Ser pai é viver mais tempo
08-02-2019 - 06:54

A plasticidade do tempo está presente nas nossas vidas banais. Quando nos lembramos do passado, há meses com um eco de décadas e há anos que cabem num mísero dia. Isto torna-se ainda mais evidente quando somos pais ou mães.

Não sou fã incondicional das brumas de Sebald e das abstracções de Nolan, mas acabo quase sempre por ler os livros do primeiro e por ver os filmes do segundo. Ambos respiram através de uma ideia que me fascina: a plasticidade do tempo; o tempo enquanto variável material, palpável, moldável. O fascínio talvez tenha uma explicação óbvia: esta materialização do tempo tem um nome mais simples, eternidade. A eternidade não é o tempo extra e interminável que aparece depois da vida terrena; a eternidade não é mais tempo, está para lá do tempo; não é o pós-história, é a destruição da história. É, se quiserem, o tempo transformado num espaço. De resto, uma boa definição de Deus é precisamente esta: a entidade que molda o tempo da mesma forma que nós moldamos o espaço e a matéria; Deus toca no tempo tal como o oleiro toca no barro. Em “Interstellar”, Nolan retira a carga teológica a esta ideia, laicizando-a: é a própria civilização humana que – um dia – será capaz de actuar sobre o tempo da mesma forma que nós agora actuamos sobre o espaço. David Lynch, a partir do livro de Frank Herbert, envolveu-se na mesma ideia em “Dune”: civilizações que conseguem dobrar o espaço como uma folha de papel e que, em consequência, conseguem viajar no tempo.

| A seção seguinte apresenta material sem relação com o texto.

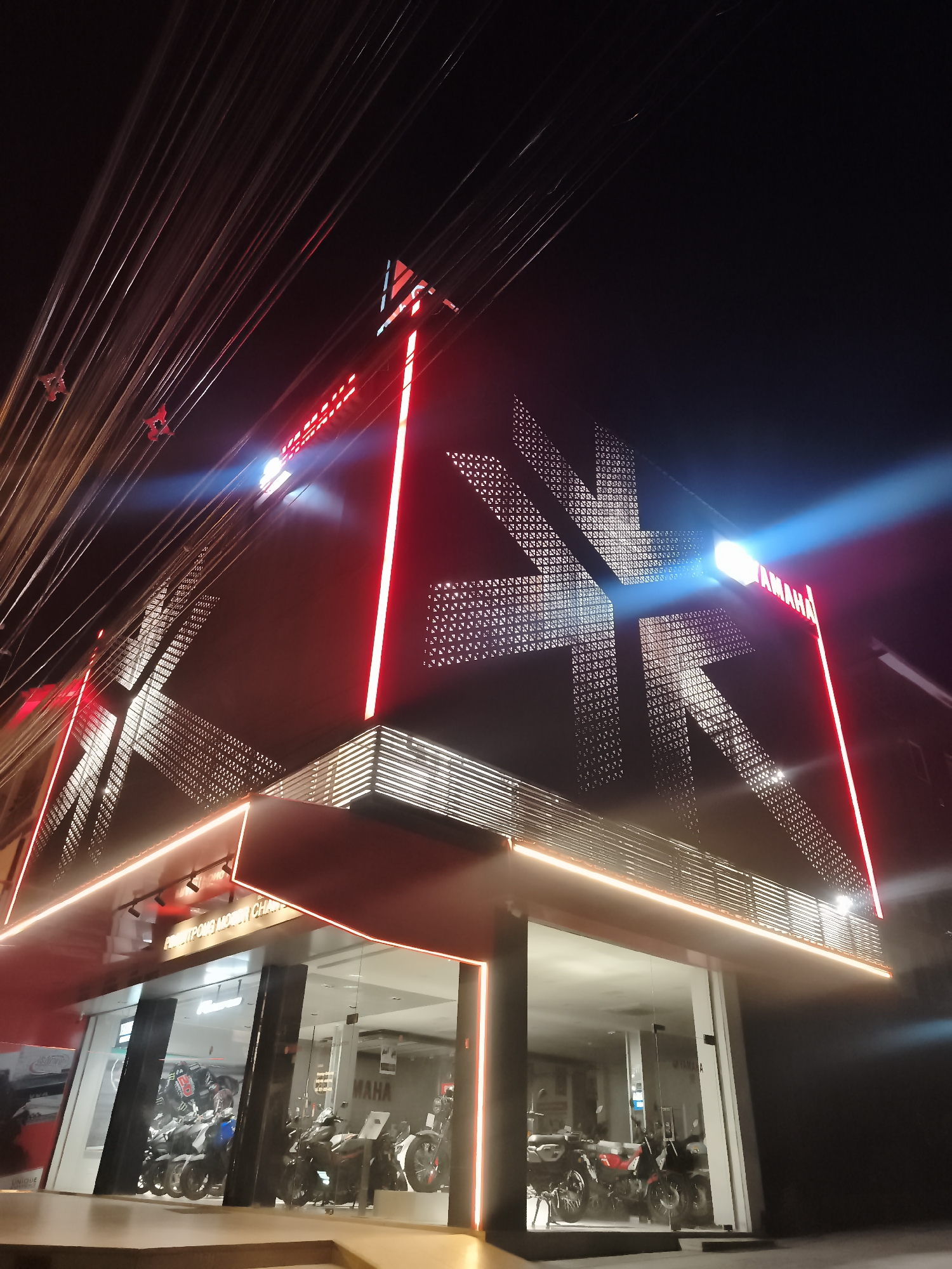 The image captures a Yamaha dealership at night in Baan Bo Phut, Thailand. The building's facade features the Yamaha logo in a patterned design, illuminated with red neon lights that form sharp lines around the logo. The store's front is primarily glass, providing a view into the showroom where several motorcycles are on display. An orange light runs along the edge of the roof. The sky is dark, suggesting nighttime. Cables are visible running across the upper left portion of the image.

Não pensem porém que esta reflexão é apenas para o território da abstracção e ficção-científica. A plasticidade do tempo está presente nas nossas vidas banais. Quando nos lembramos do passado, há meses com um eco de décadas e há anos que cabem num mísero dia. Isto torna-se ainda mais evidente quando somos pais ou mães.

Há dias, o actor Paul Dano disse que ser pai é duro mas “heart expanding”, ou seja, a dureza da paternidade é inegável e não há discurso cor-de-rosa que a apague, no entanto, essa dureza é um arado que revolve a nossa terra para criar algo novo. O nosso sonar emocional fica mais fino, sentimos a presença de mais coisas e sentimo-las com mais chama. Sentimos novos sentimentos, afectos e medos que não existiam na nossa tabela periódica das emoções. O nosso espaço emocional expande-se e, por isso, precisa de um mapa novo. E de um calendário, acrescentarei eu. Sou pai há sete anos, pai no plural há quatro. Mas parece que são catorze ou vinte. Cada ano como pai tem uma década lá dentro. Ou seja, ser pai também também é “time expanding”. Os dias são mais intensos, mais radicais, vamos mais fundo na frustração e na alegria, na ansiedade e no amor, sentimos uma nova fragilidade mas depois descobrimos que essa fragilidade pode ser uma força ou que é preciso coragem para mostrar fragilidade.

Ser pai é viver de facto mais tempo e, nesse sentido, é uma vitória sobre o tempo. Reparem que não estou a invocar aquela velha ideia de que os filhos são uma vitória sobre a passagem do tempo e sobre a finitude humana, pois garantem a nossa permanência no futuro através de netos e bisnetos. Não estou certo disso. Estou, porém, certo de outra coisa: a paternidade vence o tempo, porque consegue esticar o presente aqui e agora. Não é uma metáfora, é uma descrição literal: ser pai é viver mais tempo, até porque - nos melhores e piores momentos - sentimos que não estamos na história, sentimo-nos na obediência a um dever eterno muito superior à nossa biografia histórica. E isso sossega. Não, não é o sossego que deriva do cansaço atroz, é o sossego que nasce daquela certeza moral: estamos a fazer a coisa certa.